About this task —
Give back exactly the lines from the beginning of the listing below to the line holding "Ausreissaktion von invasiven", both ends included; the pictures stay out.

Supplied data —

******

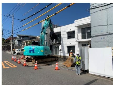
2020年(令和2年) 某社宅解体工事 (アスベストレベル1撤去)
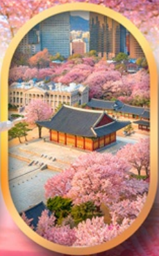
พระราชวังชางด็อกกุง
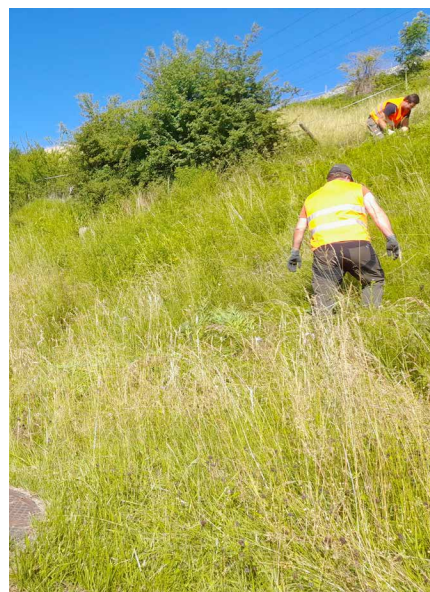
Ausreissaktion von invasiven Goldruten mit Hilfe von Freiwilligen in einem reptilienfreundlichen Biotop in Villars-sur-Glâne.

gepflanzt worden waren, durch das Anlegen von Steinhaufen für die Kleinfafa vorteilhafter gestaltet. Obwohl die von uns verwalteten Grundstücke relativ wenig von der Problematik invasiver Pflanzen betroffen sind, fanden im Juni zwei Ausreissaktionen mit 15 Freiwilligen statt. Sie dienten der Bekämpfung der Ausbreitung der Goldruten, eines invasiven Neophyten, der auf der Böschung entlang der Bahnlinie in Villars-sur-Glâne wächst, die sich in unserem Besitz befindet. Die Aktion soll über mehrere Jahre hinweg wiederholt werden.

******

Written response —
2020年(令和2年) 某社宅解体工事 (アスベストレベル1撤去)
พระราชวังชางด็อกกุง
Ausreissaktion von invasiven Goldruten mit Hilfe von Freiwilligen in einem reptilienfreundlichen Biotop in Villars-sur-Glâne.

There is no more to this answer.